Sabine Peters (29 December 1912 – 10 October 1982) was a German film actress. Peters emerged as a film actress during the Nazi era, and played largely supporting roles. She was one of the companions of the title in the 1938 Ingrid Bergman vehicle The Four Companions.

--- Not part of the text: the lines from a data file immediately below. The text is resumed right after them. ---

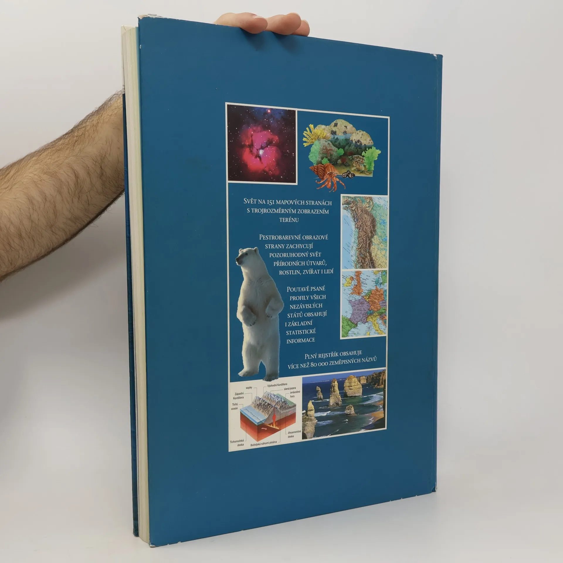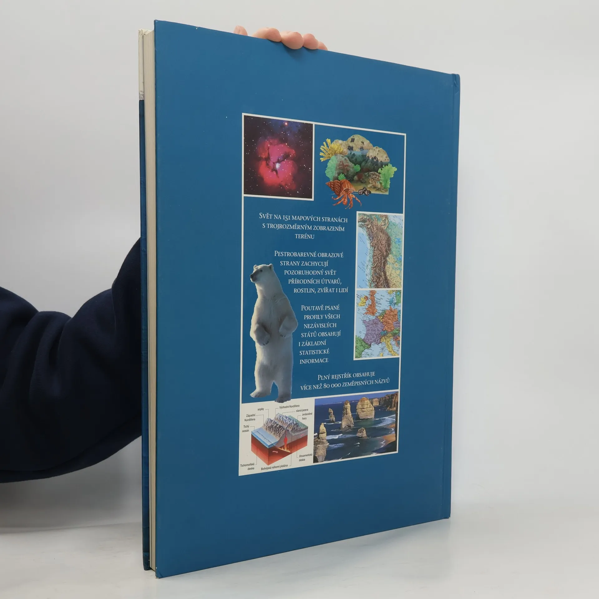 Svět na 151 mapových stranách s trojrozměrným zobrazením terénu. Pestrobarevné obrazové strany zachycují pozoruhodný svět přírodních útvarů, rostlin, zvířat i lidí. Poutavě psané profily všech nezávislých států obsahují i základní statistické informace. Plný rejstřík obsahuje více než 80 000 zeměpisných názvů. Obsah: 1. Příběh planety Země 2. Svět na mapách 3. Státy světa 4. Místopisný přehled
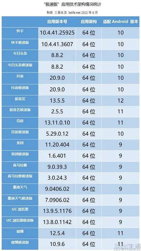 可以看到,从应用架构上来说,目前这20款应用无论“极速版”还是原版,均已适配了64位的移动处理器,而这显然是令人欣慰的。
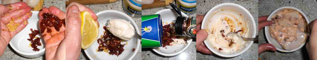 Create the scallop coating by mixing up the garlic, sun dried tomato, lemon juice, mayonnaise, salt and red pepper flakes in a bowl. Toss the scallops so they are coated evenly.
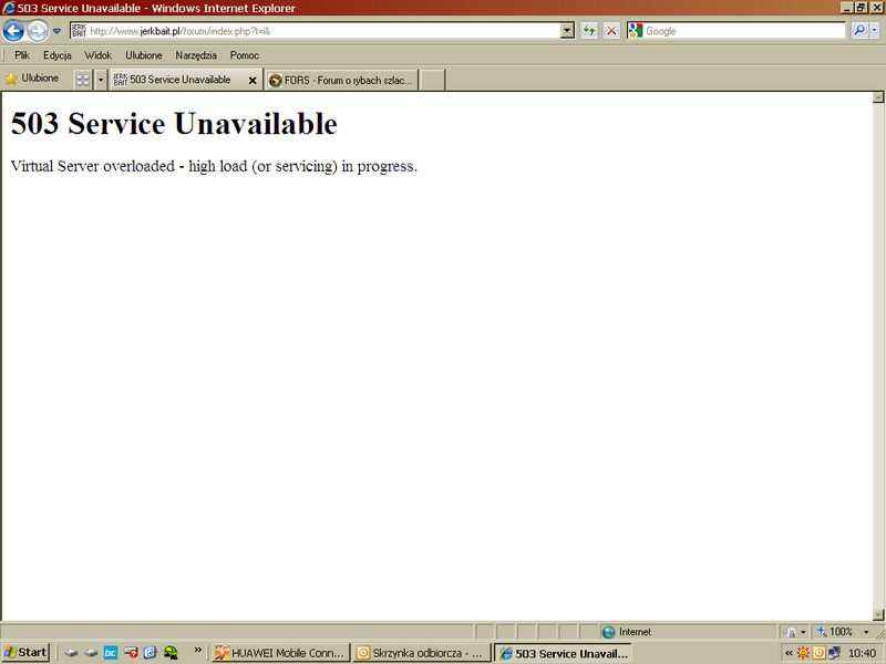 0 Jeziorm 1 Opublikowano 15 Stycznia 2010 Zgłoś Udostępnij Opublikowano 15 Stycznia 2010 503 Service UnavailableVirtual Server overloaded - high load (or servicing) in progress. Notorycznie od wczoraj. Tylko u mnie, czy też inni mają ten problem? mam to samo.... Cytuj Odnośnik do komentarza Udostępnij na innych stronach Więcej opcji udostępniania...

She was married to the baritone Willi Domgraf-Fassbaender. The mezzo-soprano Brigitte Fassbaender is their daughter.

==Selected filmography==
- Eight Girls in a Boat (1932)
- Ripening Youth (1933)
- Financial Opportunists (1934)
- The Girl Irene (1936)
- The Castle in Flanders (1936)
- The Beaver Coat (1937)
- Talking About Jacqueline (1937)
- The Chief Witness (1937)
- The Glass Ball (1937)
- The Night of Decision (1938)
- The Four Companions (1938)
- A Prussian Love Story (1938)
- Mystery About Beate (1938)
- Friedemann Bach (1941)
- A Flea in Her Ear (1943)
- A Beautiful Day (1944)
- The Marriage of Figaro (1949)

== Bibliography ==
- Chandler, Charlotte. Ingrid: Ingrid Bergman, A Personal Biography. Simon and Schuster, 2007.